As the main step for opening the Chinese capital market, the opening of "Huluntong" has gradually approached. This is different from Lugangtong and different from traditional IPO models. Huluntong changed other market stocks to DR and registered them in the local market. "Products" cross borders, but investors are still in the local market.

In the long run, the opening of Huluntong will promote the opening up of China's capital markets, enriching the financing channels of domestic companies and investor investment tools, and the internationalization of the RMB will be faster. In the short term, because business to the east does not have a financing function, individual investors have a higher threshold of participation and lower participation, so the impact on A-share funds is very limited.

Keyword nine

Under assessment

After the Shanghai index fell below 3,000 points during the year, there is a lot of noise in the market that valuations have arrived. Investors are generally worried about where the market decline will come out. Insiders point out that although the current stock-A revenue growth rate still faces downward pressure from inertia, mid-to long-term configuration values ​​are especially prominent at the bottom of the policy, at the bottom of valuations, and under the proven support of calm markets .

Yang Delong said that from a valuation standpoint, the valuation of stock A has now returned to its lowest historical position, not only lower than the valuation of the world's major capital markets, but also the historical valuation of lower A-shares, valuation There is some support for the stock market in 2019 From a growth and value perspective, next year must be a structure with growth and value, traditional value stocks and some leading stocks will have certain opportunities.

Ten keywords


"Private bailout companies" are undoubtedly key words for the Chinese economy throughout 2018. Since the beginning of this year, to resolve the problem of the high proportion of equity pledges and financial difficulties of listed companies, various funds have been intensively assisted.
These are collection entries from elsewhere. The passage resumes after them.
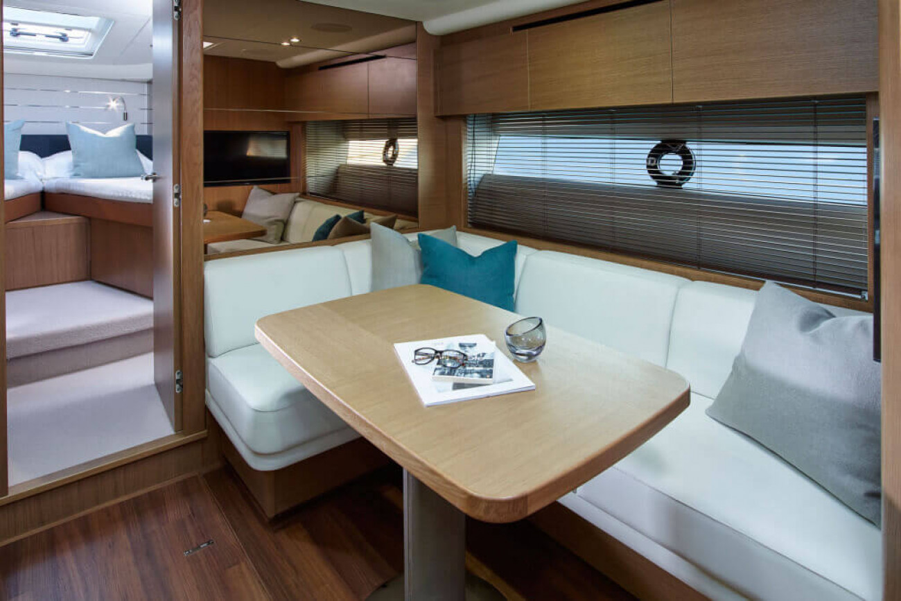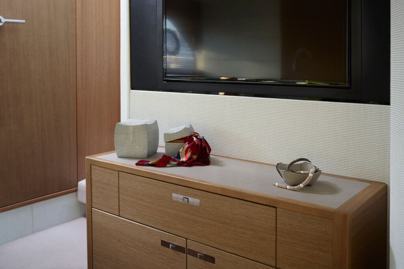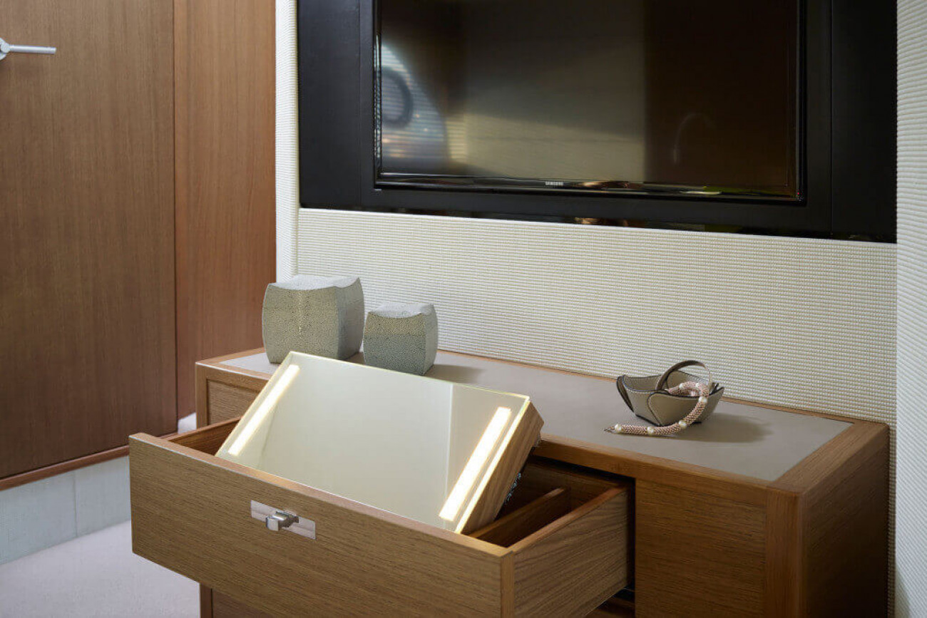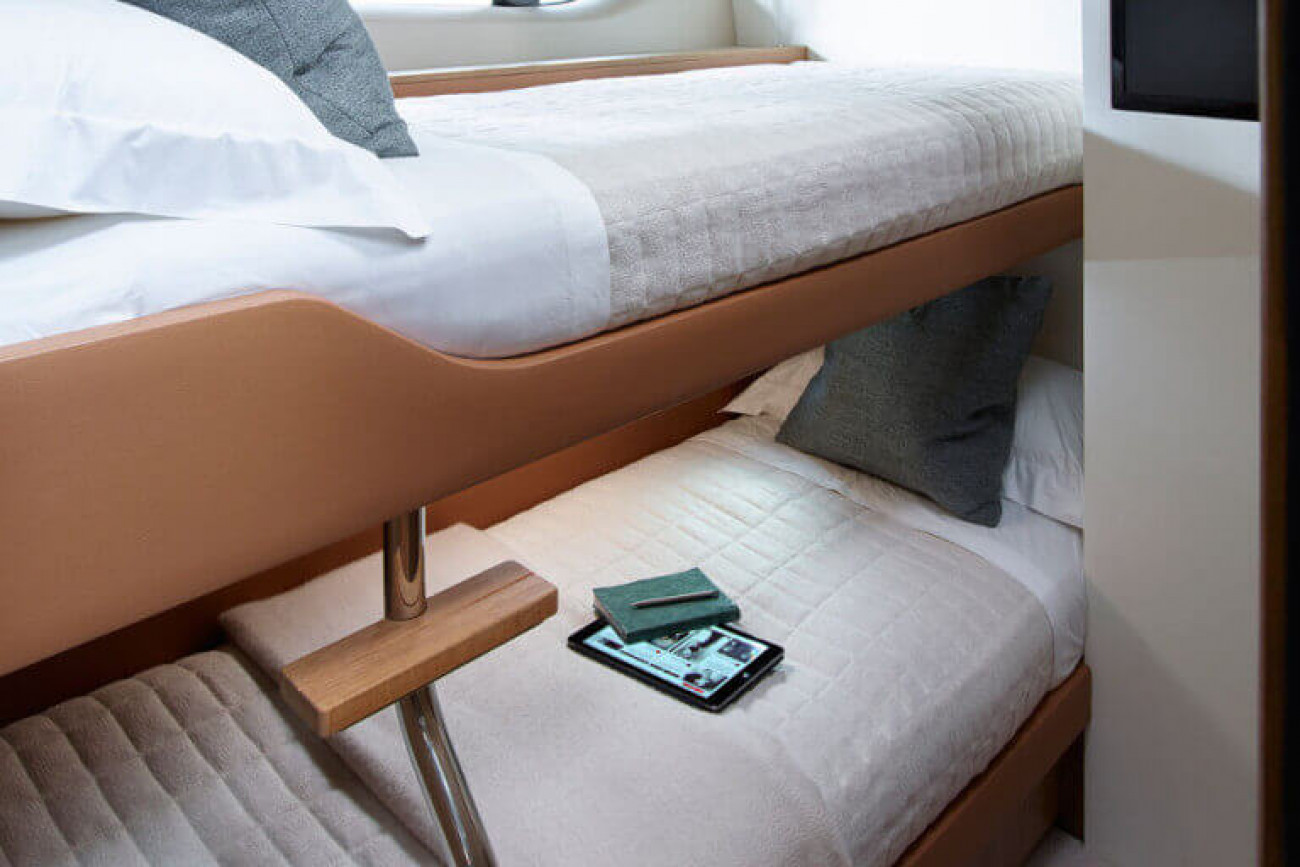 • 46” LED TV on electric raise/lower mechanism and DVD, radio/MP3 with saloon and cockpit speakers
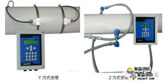 超声波流量计的传感器一般采用V方式和Z方式安装,通常情况下,管径小于300mm时,采用V方式安装,管径大于200mm时,采用Z方式安装。对于即可以用V方式安装又可以Z方式安装的传感器,尽量选用Z方式。实践表明,Z方式安装的传感器超声波信号强度高,测量的稳定性也好,图2。
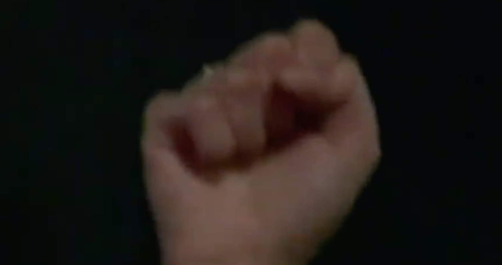 The guy holding the camera – ostensibly a Bloomberg employee – zooms all the way in on the fist.
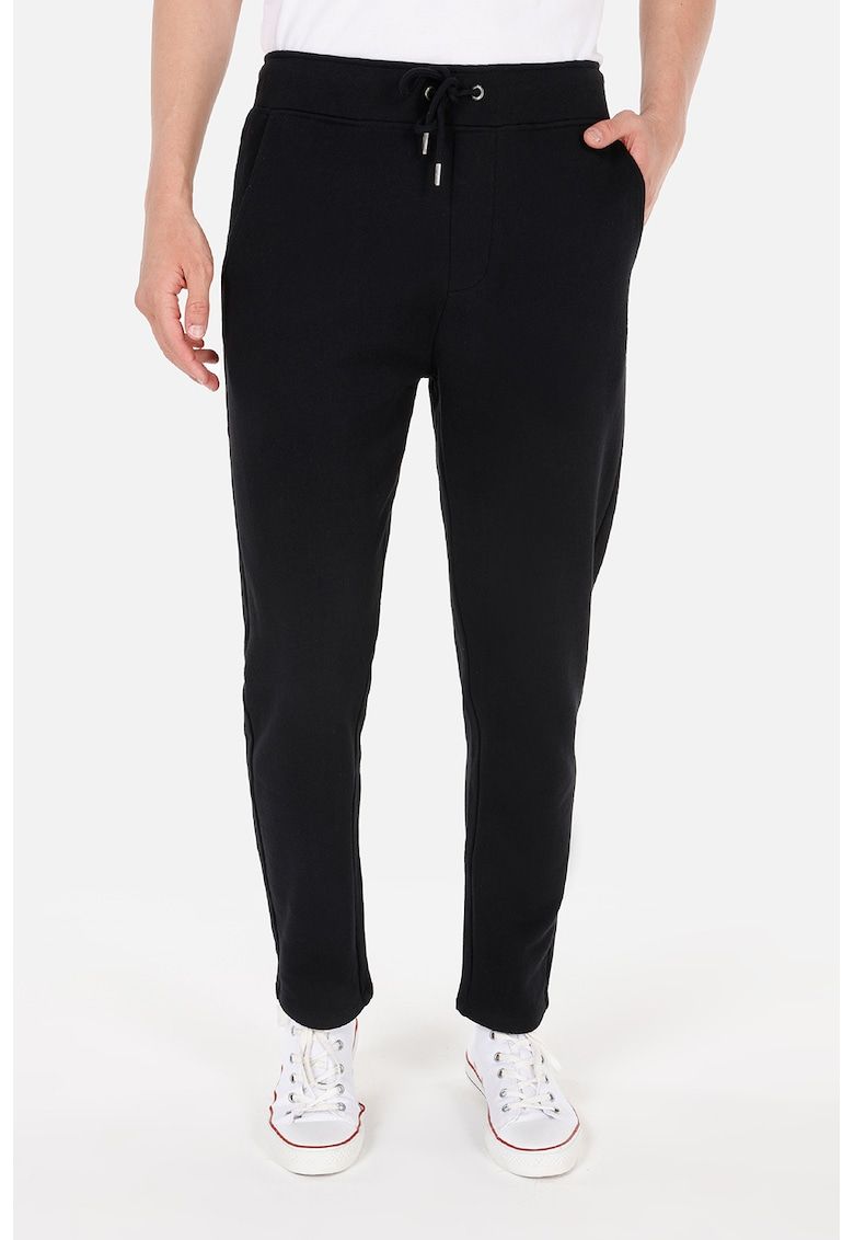 Caracteristici Culoare: negru Imprimeu: uni Material: bumbac Stil: casual Croiala: conica Talie: medie Buzunare: 2 oblice - unul aplicat Lungime: lungi Detalii: snur pentru ajustare in talie Sistem inchidere: fara inchidere Compozitie Exterior: 100% bumbac
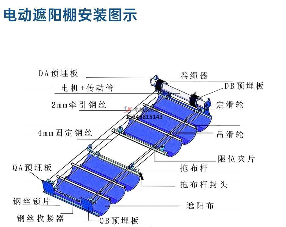 幼兒園FCS折疊遮陽(yáng)天棚即使用管狀電機(jī),利用鋼絲循環(huán)運(yùn)動(dòng),從而帶動(dòng)面料收放,達(dá)到遮陽(yáng)的效果。FCS折疊遮陽(yáng)天棚機(jī)構(gòu)分為傳動(dòng)和面料兩大部分:上方傳動(dòng)部分的另一端為動(dòng)力端,利用管狀電機(jī)旋轉(zhuǎn)帶動(dòng)卷管及固定在卷管上的卷繩器旋轉(zhuǎn)從而是一根鋼絲繩進(jìn)行收放。傳動(dòng)部分的另一端為滑輪鋼絲通過(guò)滑輪進(jìn)行換向,使一根鋼絲的兩端能同時(shí)固定卷繩器上,并且鋼絲始終保持繃緊。面料部分的上半部分是一根兩端固定并繃緊的鋼絲(天棚簾跨度過(guò)大的改用滑動(dòng)門軌),下半部分為面料,面料從頂端開始安裝牽引桿,間距等分(通常為0.8米左右)。牽引桿上安裝流動(dòng)滑輪,滑輪在固定在鋼絲上運(yùn)行。第一根牽引桿與傳動(dòng)鋼絲連接,在電機(jī)固定鋼絲展開與收攏。

To keep the bottom line of systemic risk in the financial sector, since November, the head of the central bank, the China Securities Regulatory Commission and the China Insurance Regulatory Commission have consistently stated that they will actively take steps to reduce the risk of promising shares of listed companies, and take steps to promote registered companies. Solve pledges of equity pledges. Then, bailouts formed jointly by local governments such as Shenzhen and Beijing and financial institutions have entered the market one by one, and the risk of pledging equity has been overcome in the short term. (Zhongxin Jingwei APP)

Zhongxin Jingwei Copyright, without written authorization, no unit or individual can reprint or extract it for use in other ways.Return to Sohu and see more

Editor in charge:

Disclaimer: This article only represents the author himself, Sohu is an information publishing platform, and Sohu only provides information storage room services.